Joon Park, aka “Joon Pak” and “Joon Paik,” 43, of Falls Church, Virginia, pleaded guilty and was sentenced to 188 months in prison. Judge Quarles also ordered Park to pay a money judgment of $91,449,700 and forfeit all property involved in the offense. Nick Park, aka Nochol Park, 46, of McLean, Virginia, was sentenced to 33 months in prison; and Joo Hyuk “John” Lee, 39, of Richmond, Virginia, and Sang Hyun Kim, 35, of Fairfax, Virginia, were each sentenced to three years in prison, for conspiracy to commit bank fraud. Kim’s wife, In Jung Ham, 30, also of Fairfax, was sentenced to a year and a day in prison for her role in the scheme. Judge Quarles ordered Lee to pay restitution of $1,900,325 and ordered Ham to pay restitution of $216,472.92. Lee, Kim and Ham were also ordered to forfeit the proceeds of the scheme and pay monetary judgments of $18,764,900, $13,432,000 and $15,725,000, respectively.
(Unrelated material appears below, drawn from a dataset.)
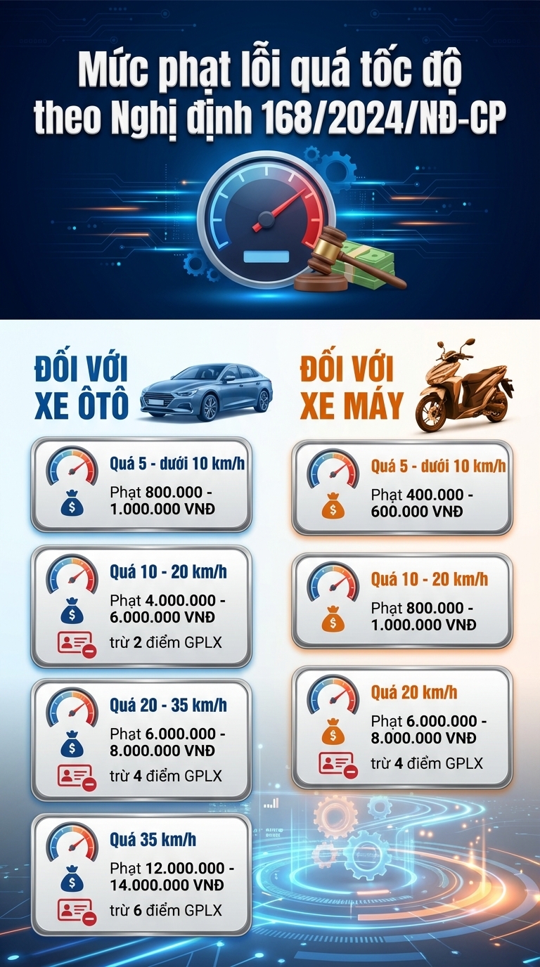 | | 36F1-193.21 | 24-12-2025 10:47 | Điều khiển xe chạy quá tốc độ quy định từ 05 km/h đến dưới 10 km/h |

This law enforcement action is part of President Barack Obama’s Financial Fraud Enforcement Task Force. President Obama created the Financial Fraud Interagency Task Force to lead an aggressive, coordinated, and proactive effort to investigate and prosecute financial crimes. The task force includes representatives from a wide range of federal agencies, regulatory authorities, inspectors general, and state and local law enforcement agencies who, working together, leverage a powerful array of criminal and civil resources. The task force works to improve federal executive efforts and, with state and local partners, to investigate and prosecute significant financial crimes, ensure just and effective punishment for those who commit financial crimes, to combat discrimination in the loan and financial markets, and to recover profits from victims of financial crimes.

United States Attorney Rod J. Rosenstein thanked the SBA’s Office of Inspector General, the United States Postal Inspection Service and the FBI for their work in the investigation. Mr. Rosenstein praised Assistant U.S. Attorneys Leo J. Wise and Martin J. Clarke, who prosecuted the case.